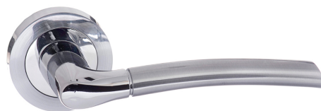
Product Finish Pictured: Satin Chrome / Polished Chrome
==
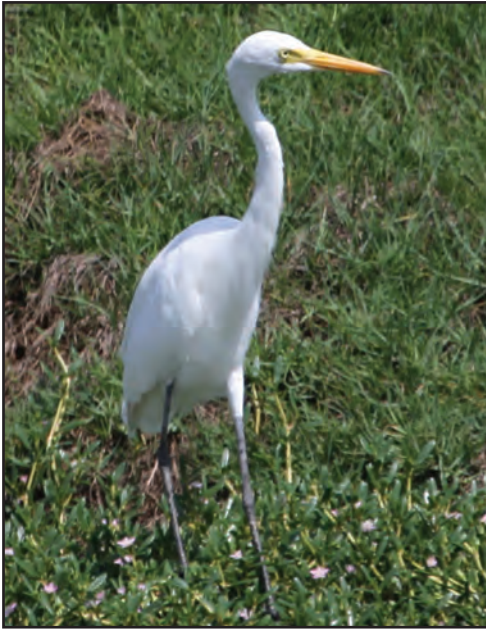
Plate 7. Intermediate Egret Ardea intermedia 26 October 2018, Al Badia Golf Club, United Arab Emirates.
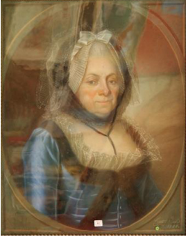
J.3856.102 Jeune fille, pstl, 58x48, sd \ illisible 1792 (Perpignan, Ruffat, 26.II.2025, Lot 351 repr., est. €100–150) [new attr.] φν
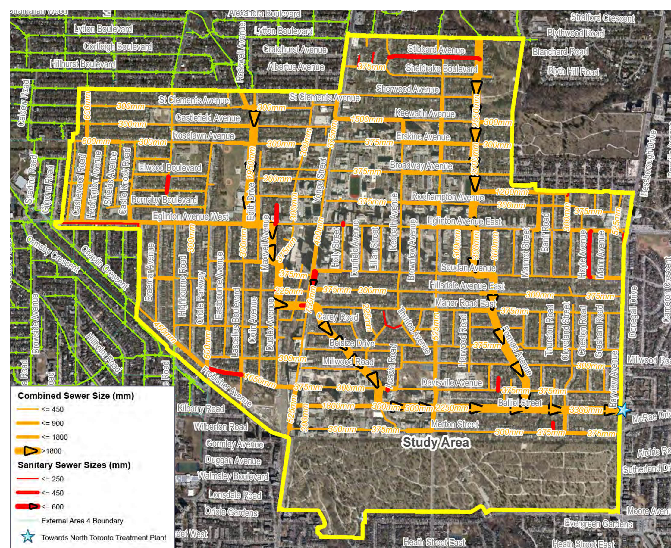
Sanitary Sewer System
==
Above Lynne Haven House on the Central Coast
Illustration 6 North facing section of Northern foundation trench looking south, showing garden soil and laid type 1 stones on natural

Exercise goal:
Looking at the entries above, can you reproduce exactly the lines from the one that holds "Above Lynne Haven House on the Central Coast" through the one that holds "Illustration 6 North", and only those?

Response to the exercise:
Above Lynne Haven House on the Central Coast
Illustration 6 North facing section of Northern foundation trench looking south, showing garden soil and laid type 1 stones on natural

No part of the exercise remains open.